§ **WHAT THE EXERCISE ASKS**: Only the lines from the beginning of the data through the line holding "بْنِ مُحَمَّدٍ الْقَوْمَسَانِيُّ،" belong in the answer, printed exactly and without pictures.
--- DATASET Enclosed Below ---
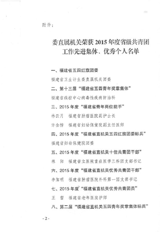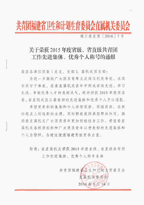 我院曹熹獲“第二屆福建省直機關五四青年獎章”
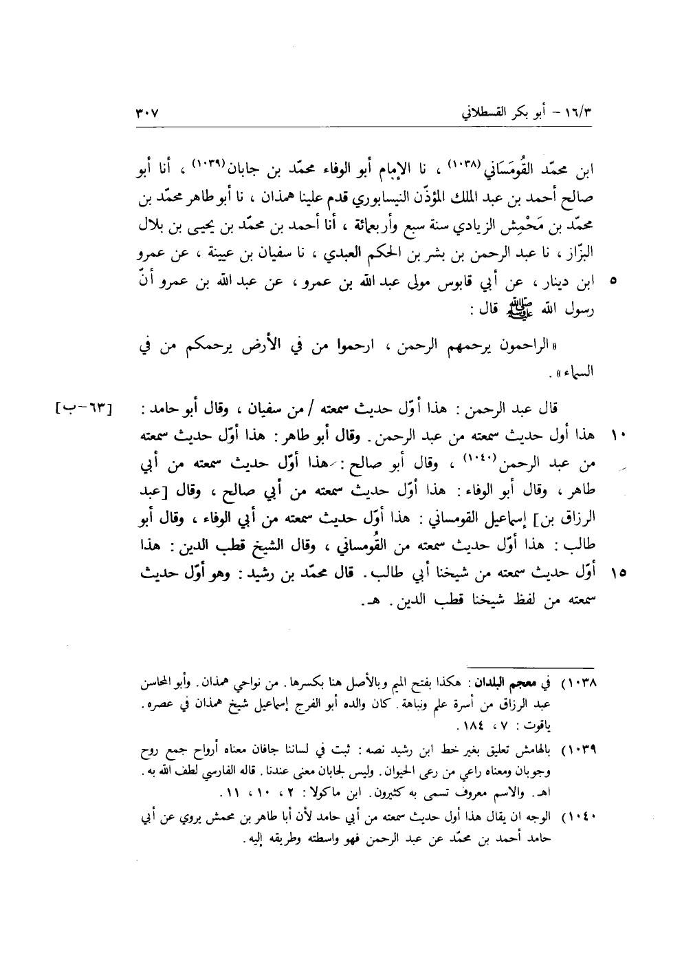 بْنِ مُحَمَّدٍ الْقَوْمَسَانِيُّ، نا الإِمَامُ أَبُو الْوَفَاءِ مُحَمَّدُ بْنُ جَابَانَ، أنا أَبُو صَالِحٍ أَحْمَدُ بْنُ عَبْدِ الْمَلِكِ، الْمُؤَذِّنُ النَّيْسَابُورِيُّ قَدِمَ عَلَيْنَا هَمَذَانَ، نا أَبُو طَاهِرٍ مُحَمَّدُ بْنُ مُحَمَّدِ بْنِ مَحْمَشَ الزِّيَادِيُّ سَنَةَ سَبْعٍ وَأَرْبَعِ مِائَةٍ، أنا أَحْمَدُ بْنُ مُحَمَّدِ بْنِ يَحْيَى بْنِ بِلالٍ الْبَزَّازُ، نا عَبْدُ الرَّحْمَنِ بْنُ بِشْرِ بْنِ الْحَكَمِ الْعَبْدِيُّ، نا سُفْيَانُ بْنُ عُيَيْنَةَ، عَنْ عَمْرِو بْنِ دِينَارٍ، عَنْ أَبْي قَابُوسٍ مَوْلَى عَبْدِ اللَّهِ بْنِ عَمْرٍو، عَنْ عَبْدِ اللَّهِ بْنِ عَمْرٍو أَنَّ رَسُولَ اللَّهِ صَلَّى اللَّهُ عَلَيْهِ وَسَلَّمَ، قَالَ: «
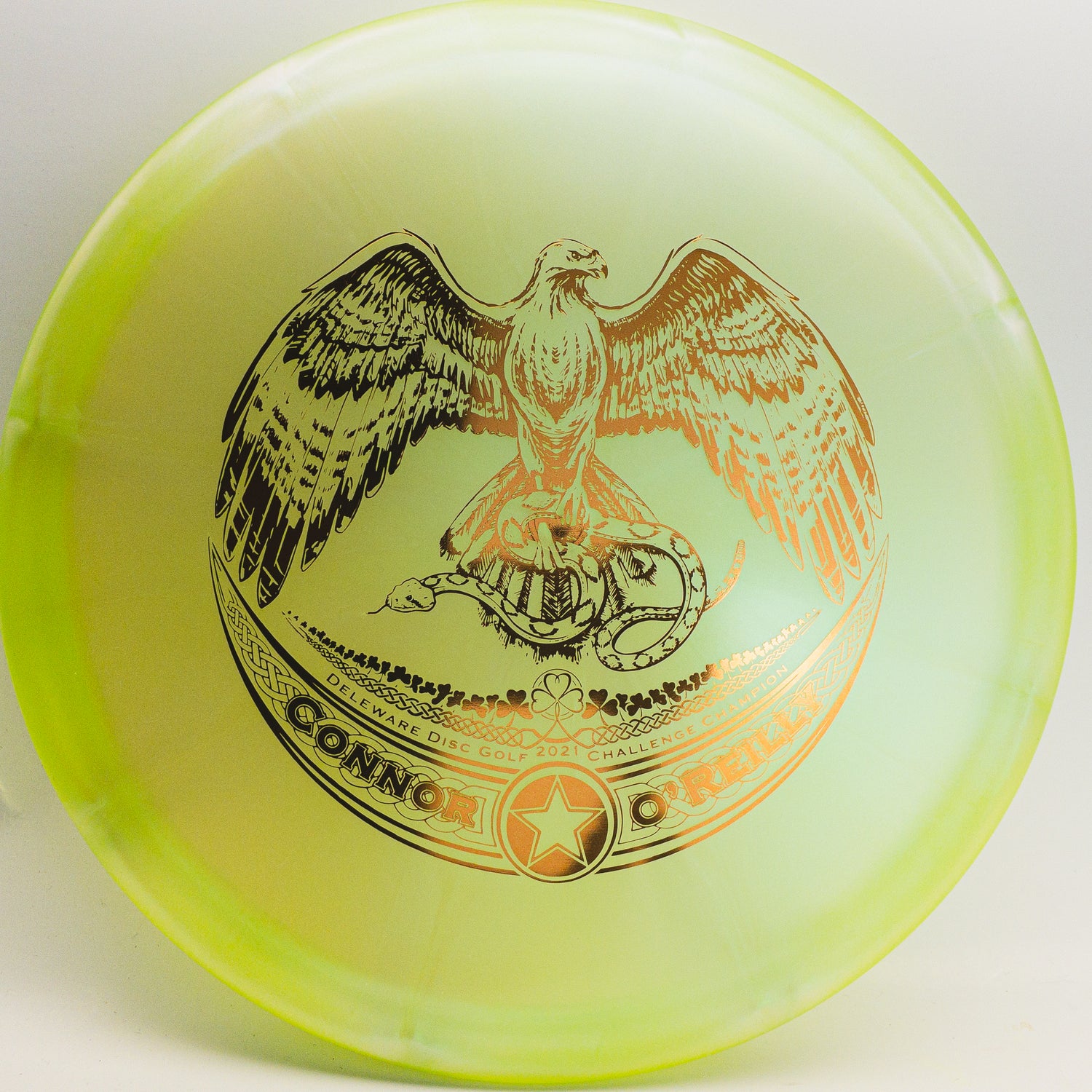 Connor O’Reilly Compass – The Compass is a great feeling mold and now you can have it in the Opto Chameleon Burst plastic and an amazing stamp supporting Connor O’Reilly. This will help support Connor during his 2022 Tour. The stamp commemorates Connor’s win last year at the Delaware Disc Golf Challenge where he put on a show and let people know he was here to stay! If you are looking for a midrange that stays extremely straight at all speeds then try a Compass. It has great torque resistance with minimal fade making it the perfect midrange for players of all skill levels. Help support Connor O’Reilly on tour with an Opto Chameleon Burst Compass today!
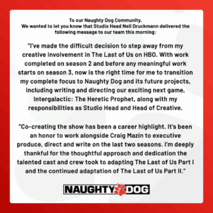 El creativo aseguró que su decisión no fue fácil, pero que es el momento ideal para concentrarse en lo que viene: la escritura y dirección de un nuevo videojuego original titulado Intergalactic: The Heretic Prophet, el cual marcaría un giro importante en la narrativa de Naughty Dog hacia la ciencia ficción. A esto se suman sus responsabilidades continuas como director del estudio y líder del equipo creativo.
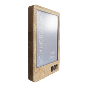Pour une touche esthétique supplémentaire, certaines versions de la gamme Frame sont également proposées avec relief personnalisable en noir ou blanc, renforçant la visibilité du message tout en conservant l’harmonie du bois naturel.
--- End of Enclosed DATASET ---
§ **ANSWER BOX**:
 我院曹熹獲“第二屆福建省直機關五四青年獎章”
 بْنِ مُحَمَّدٍ الْقَوْمَسَانِيُّ، نا الإِمَامُ أَبُو الْوَفَاءِ مُحَمَّدُ بْنُ جَابَانَ، أنا أَبُو صَالِحٍ أَحْمَدُ بْنُ عَبْدِ الْمَلِكِ، الْمُؤَذِّنُ النَّيْسَابُورِيُّ قَدِمَ عَلَيْنَا هَمَذَانَ، نا أَبُو طَاهِرٍ مُحَمَّدُ بْنُ مُحَمَّدِ بْنِ مَحْمَشَ الزِّيَادِيُّ سَنَةَ سَبْعٍ وَأَرْبَعِ مِائَةٍ، أنا أَحْمَدُ بْنُ مُحَمَّدِ بْنِ يَحْيَى بْنِ بِلالٍ الْبَزَّازُ، نا عَبْدُ الرَّحْمَنِ بْنُ بِشْرِ بْنِ الْحَكَمِ الْعَبْدِيُّ، نا سُفْيَانُ بْنُ عُيَيْنَةَ، عَنْ عَمْرِو بْنِ دِينَارٍ، عَنْ أَبْي قَابُوسٍ مَوْلَى عَبْدِ اللَّهِ بْنِ عَمْرٍو، عَنْ عَبْدِ اللَّهِ بْنِ عَمْرٍو أَنَّ رَسُولَ اللَّهِ صَلَّى اللَّهُ عَلَيْهِ وَسَلَّمَ، قَالَ: «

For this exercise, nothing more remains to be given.